GOAL OF THE EXERCISE:
Beginning with the line that contains "ตะขอถักโครเชต์" and ending with the line that contains "Upstairs, both bedrooms", reproduce the lines of the entries below exactly, omitting pictures.

SOURCE DATA:
---+---

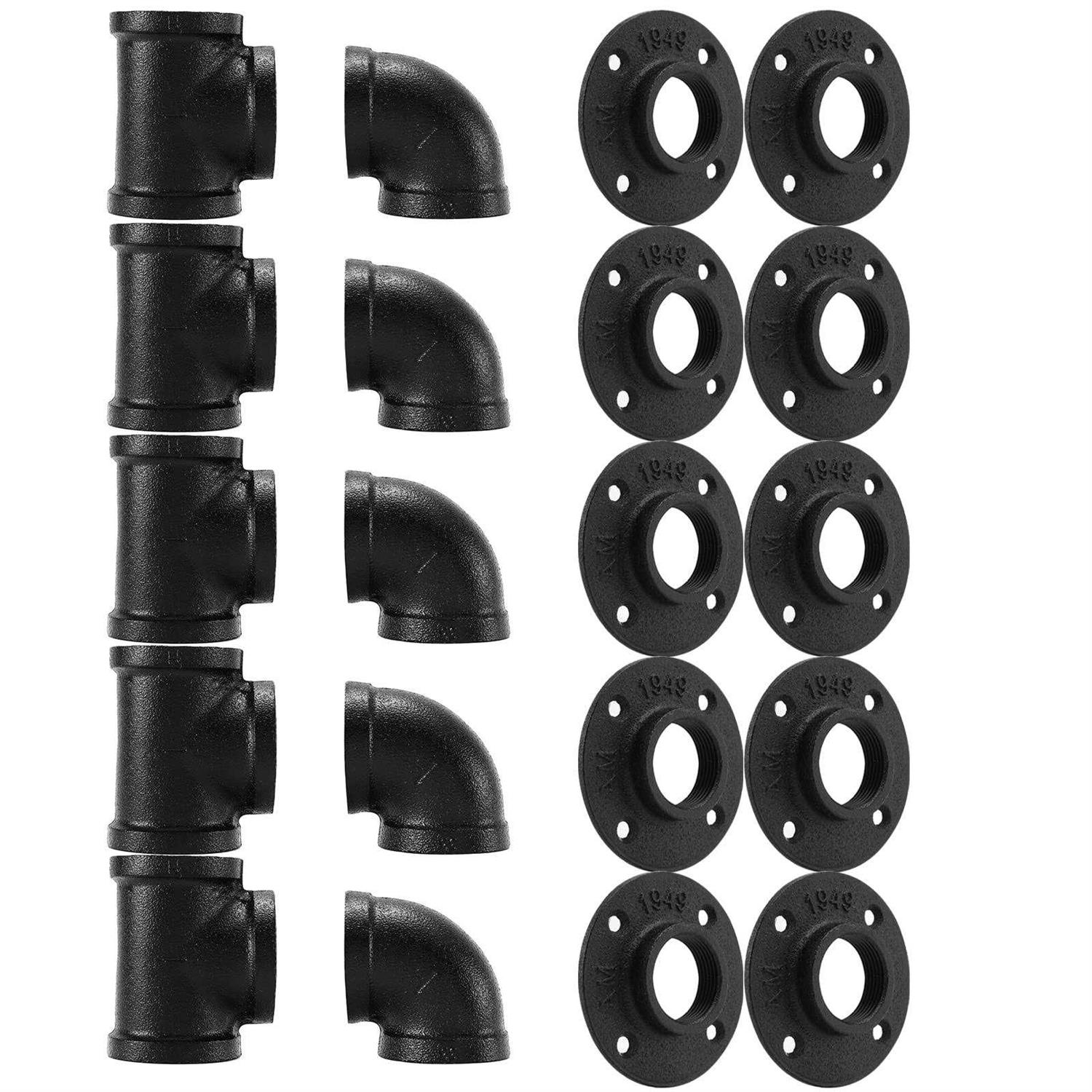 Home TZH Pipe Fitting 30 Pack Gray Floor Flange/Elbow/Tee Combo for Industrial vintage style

---+---

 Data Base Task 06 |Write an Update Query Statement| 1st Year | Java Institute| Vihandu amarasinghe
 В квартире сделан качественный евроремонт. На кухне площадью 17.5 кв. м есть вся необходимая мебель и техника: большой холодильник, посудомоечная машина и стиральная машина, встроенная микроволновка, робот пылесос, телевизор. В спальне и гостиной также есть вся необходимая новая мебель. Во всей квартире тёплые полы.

---+---

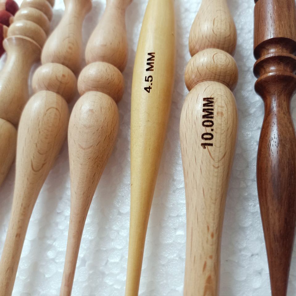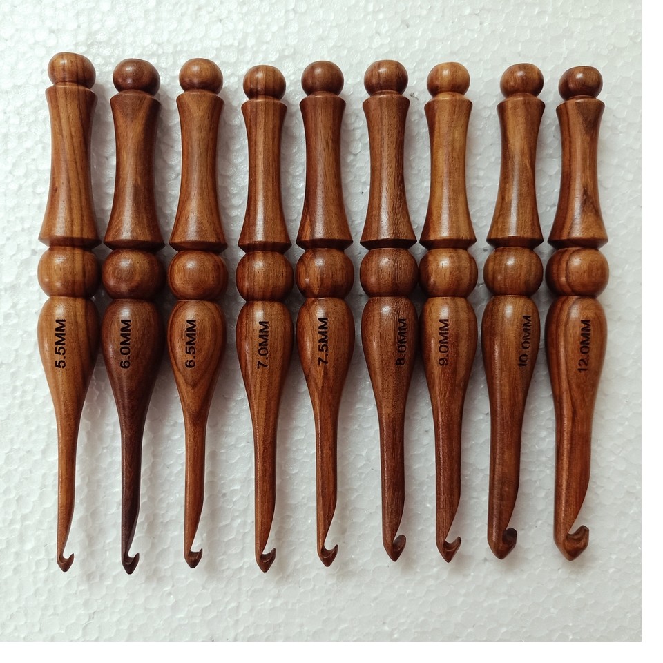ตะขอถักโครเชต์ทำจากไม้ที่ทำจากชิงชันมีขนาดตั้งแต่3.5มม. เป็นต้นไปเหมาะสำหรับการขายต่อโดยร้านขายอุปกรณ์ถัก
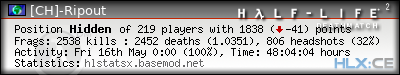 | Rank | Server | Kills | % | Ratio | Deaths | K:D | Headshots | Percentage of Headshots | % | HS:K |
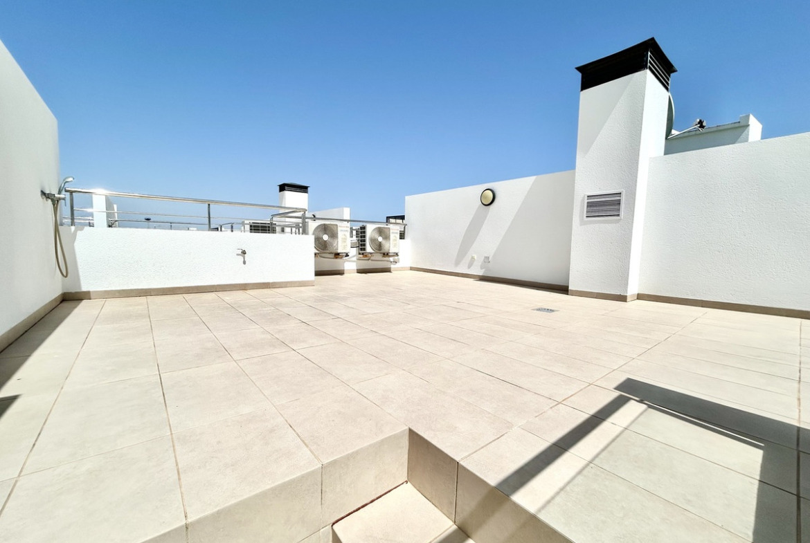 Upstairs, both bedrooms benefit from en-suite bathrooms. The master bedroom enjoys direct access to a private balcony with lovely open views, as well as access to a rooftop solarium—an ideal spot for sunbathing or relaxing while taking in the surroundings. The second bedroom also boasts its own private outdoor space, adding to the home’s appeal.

---+---

THE COMPLETED TASK:
ตะขอถักโครเชต์ทำจากไม้ที่ทำจากชิงชันมีขนาดตั้งแต่3.5มม. เป็นต้นไปเหมาะสำหรับการขายต่อโดยร้านขายอุปกรณ์ถัก
 | Rank | Server | Kills | % | Ratio | Deaths | K:D | Headshots | Percentage of Headshots | % | HS:K |
 Upstairs, both bedrooms benefit from en-suite bathrooms. The master bedroom enjoys direct access to a private balcony with lovely open views, as well as access to a rooftop solarium—an ideal spot for sunbathing or relaxing while taking in the surroundings. The second bedroom also boasts its own private outdoor space, adding to the home’s appeal.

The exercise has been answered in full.